Advanced Database Mining of Efficient Biocatalysts by Sequence and Structure Bioinformatics and Microfluidics
Vasina, M., Vanacek, P., Hon, J., Kovar, D., Faldynova, H., Kunka, A., Buryska, T., Badenhorst, C.P.S., Mazurenko, S., Bednar, D., Stavrakis, S., Bornscheuer, U.T., deMello, A., Damborsky, J., Prokop, Z.
CHEM CATALYSIS 2: 2704-2725 (2022)
Next-generation sequencing doubles genomic databases every 2.5 years. The accumulation of sequence data provides a unique opportunity to identify interesting biocatalysts directly in the databases without tedious and time-consuming engineering. Herein, we present a pipeline integrating sequence and structural bioinformatics with microfluidic enzymology for bioprospecting of efficient and robust haloalkane dehalogenases. The bioinformatic part identified 2,905 putative dehalogenases and prioritized a “small-but-smart” set of 45 genes, yielding 40 active enzymes, 24 of which were biochemically characterized by microfluidic enzymology techniques.

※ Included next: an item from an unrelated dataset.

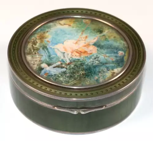 Lot 743 | Dose, rund, 925er Silber, guillochiert mit hellgrüner Transluzidemaille, Irland 1962, Scharnierdeckel mit gemalter amouröser Szene hinter Glas, H. 2,9 cm, Dm. 7,9 cm

Combining microfluidics with modern global data analysis provided precious mechanistic insights related to the high catalytic efficiency of selected enzymes. Overall, we have doubled the dehalogenation “toolbox” characterized over three decades, yielding biocatalysts that surpass the efficiency of currently available wild-type and engineered enzymes. This pipeline is generally applicable to other enzyme families and can accelerate the identification of efficient biocatalysts for industrial use.